The advantages of using this type of sensor is that it is generally the cheapest option, produces a very linear output that is proportional to temperature and are generally easy to incorporate into the circuit design (Lacanette, 2009). The design also leads to some disadvantages though. The sensors have a limited range of temperature, slow to react, limited configurations, required a power source, and because it uses power, is susceptible to self-heating. Because of the self-heating care must be taken to correct for this or provide some sort of heat dissipation (Comparison of Temperature sensors, n.d.). The unique advantage and disadvantages make this type of sensor perfect for use in control systems and computer boards.
Understanding the basic operation of some common IC temperature sensors, we can now look into the specifics of three types that could be considered for application. The first sensor that will be discussed is the LM135 produced by Texas Instruments. The LM135 comes inside two available small, hermetic, plastic bodies, both under 5mm, and operates from a range of -55˚C to 150˚C. It operates as a two terminal Zener that has a third pin that outputs an analog voltage directly proportional to temperature. It comes calibrated to the Kalvin Temperature scale and has a 1˚C available accuracy. The supply voltage required for the sensor is 5V and operates from 400 mA to 5 mA, with a dynamic impedance less than 1-W (LM135, n.d.) This type of sensor is ideal for applications like power supplies, HVAC, appliances and battery management. Placing the sensor close to the temperature critical component would allow the IC to control the fan and supply cooling.
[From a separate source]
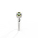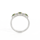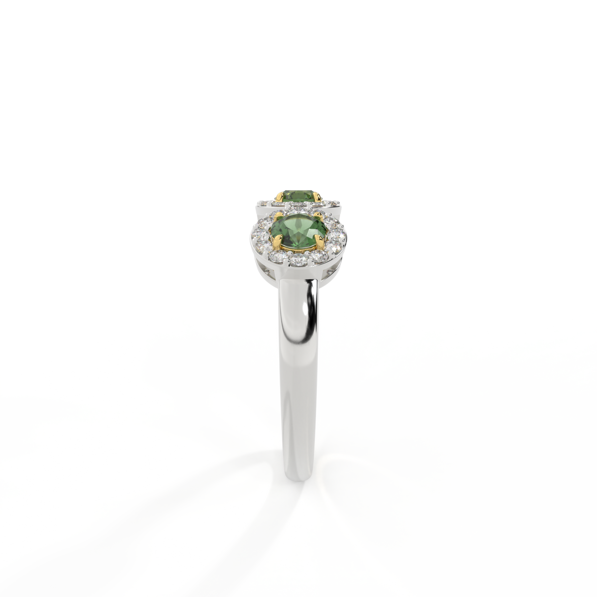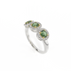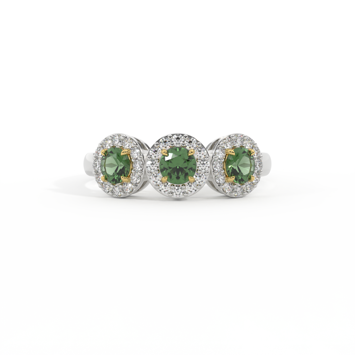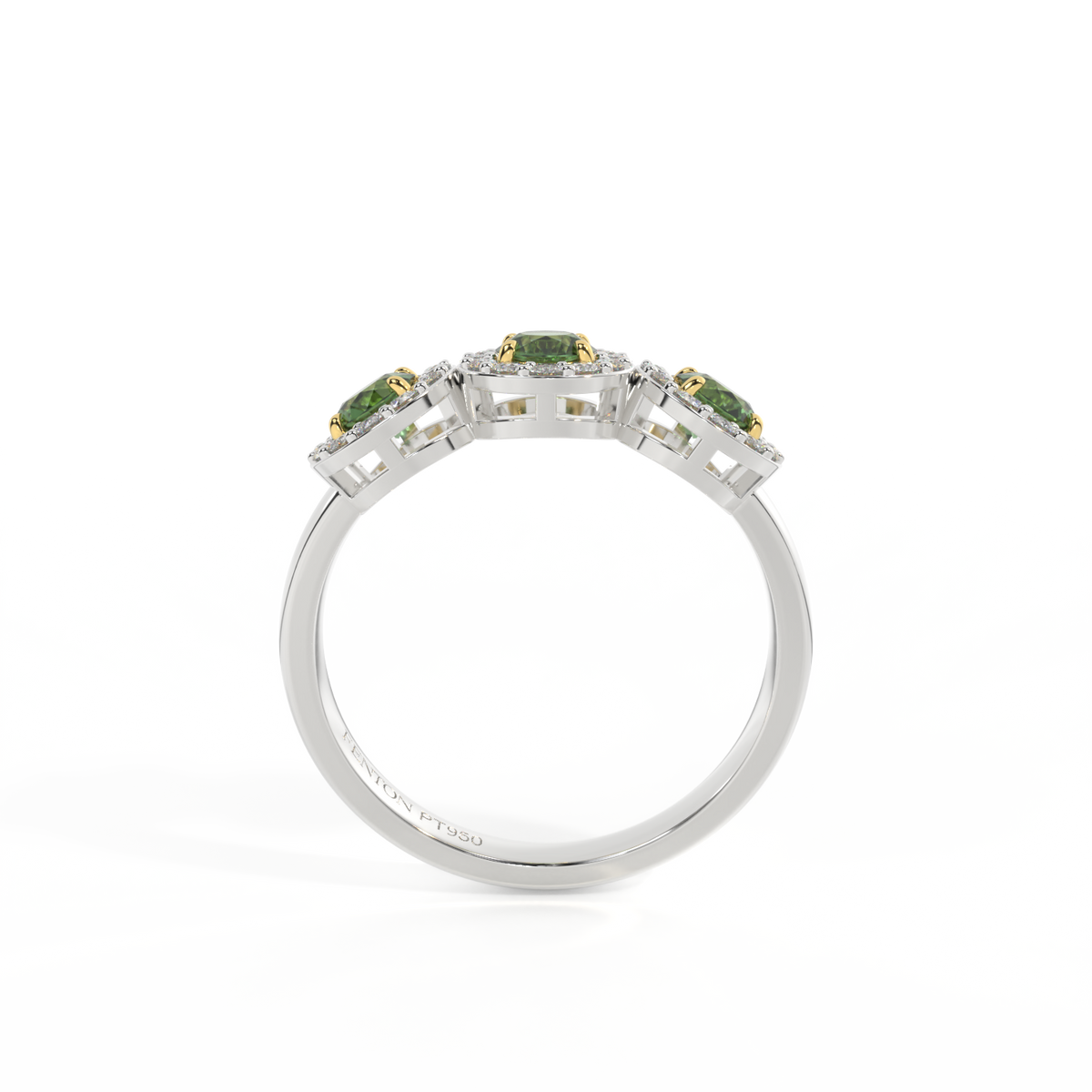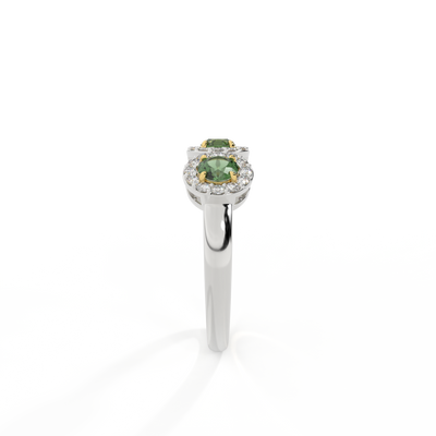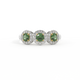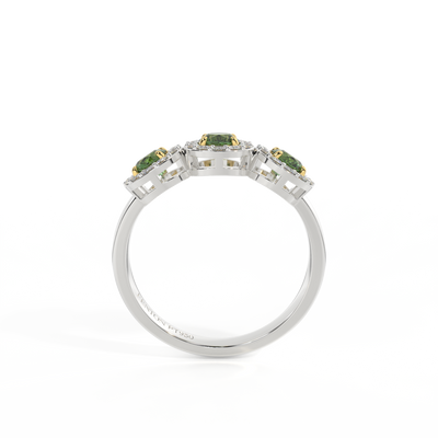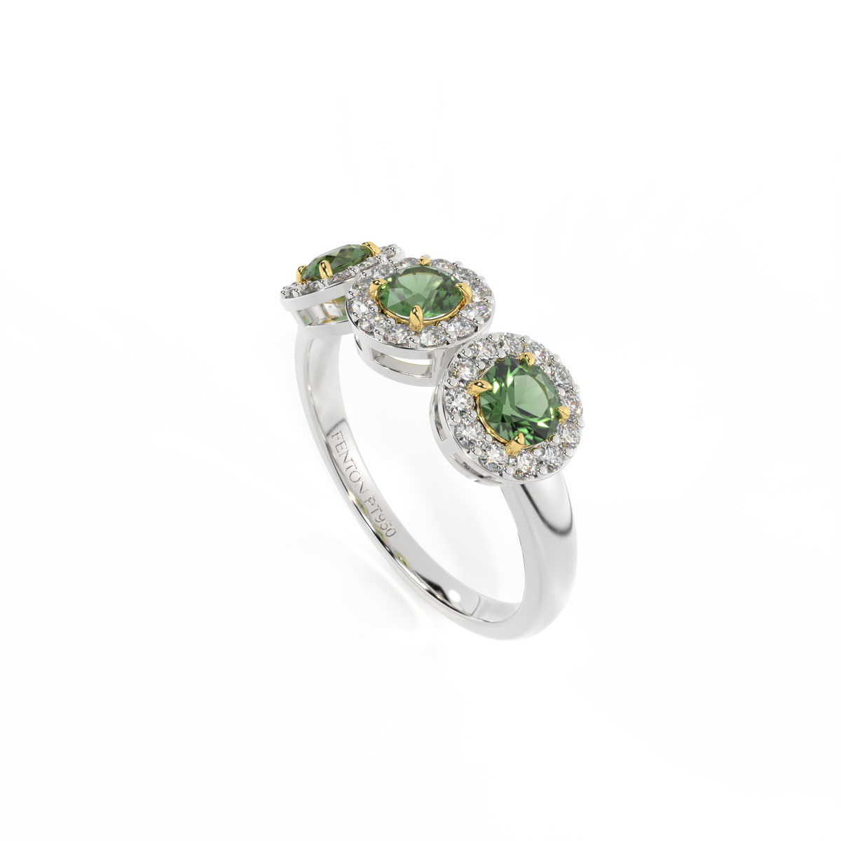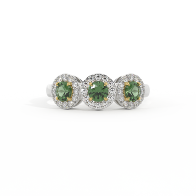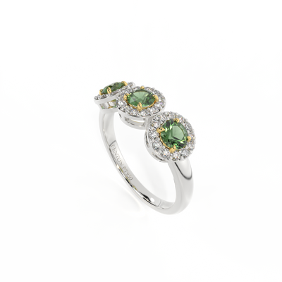 This low set, super wearable beauty, is reminiscent of a floral garland, one of the most universal symbols of love. Three Round cut Green Sapphire stones are surrounded by diamond halos, each stone is completely unique.

The second sensor that will be looked at, which is very similar to the LM135, is the MCP9700 produced by Microchip Technology Inc. The MCP9700 has a similar temperature range, from -40˚C to 125˚C, but the accuracy is slightly less than the LM135. The MCP9700 has an accuracy band of plus or minus 4˚C, which makes it slightly less accurate but does have a much smaller operating current, typically 6mA and 12mA max. The MCP7000 also uses 5V to operate and puts out an analog signal that is proportional to the temperature and like the LM135, it comes in a space saving package. The MCP9700 also features a 500mV DC offset that allows it to read negative temperatures without the need for a negative power supply (MCP9700, 2017).  It has very similar applications to the LM135 and its typical applications include entertainment systems, home appliances, hard disk drives and other peripherals. The major advantage of the MCP970 comes from its cost, less than $0.25 per unit compared to $13.99 for the LM135. The much cheaper unit sacrifices some accuracy but does consume a lot less power. The decision between these two sensors will come down to a cost benefit analysis.
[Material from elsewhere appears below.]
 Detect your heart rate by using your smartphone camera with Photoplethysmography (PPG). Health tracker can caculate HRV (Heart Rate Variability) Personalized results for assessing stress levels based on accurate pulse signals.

The last type of sensor we will discuss in the OM-2628 from Omega Engineering. This particular sensor is useful because it is actually a temperature probe that can be connected to the IC. The probe is maneuverable and that allows it to be placed in a separate location from the circuit board. This is a useful feature where there are a lot of temperatures being monitored all to a central location. An example of this would be a refrigerator freezer combination. One probe could be located in each compartment and report back to one centrally located board. The OM-2628 operates in a temperature band of -25˚C to 105˚C with a plus or minus 5˚C accuracy. Like the other sensors it puts out a linear voltage signal that is proportional to the temperature that produces a temperature monitoring with excellent stability and repeatability. The probe comes in two sizes 38mm and 153mm, that makes this particular probe very versatile. The heretically sealed probe also allows the probe to be used as an immersion probe and the high impedance current output makes the probe immune to voltage noise and drops over the long lines (Integrated Circuit Temperature Probe, 2016). This style of sensor would be particularly useful in remote sensing applications, but is pricier than the other to at $47.50. The versatility in applications may make this a better solution for your needs.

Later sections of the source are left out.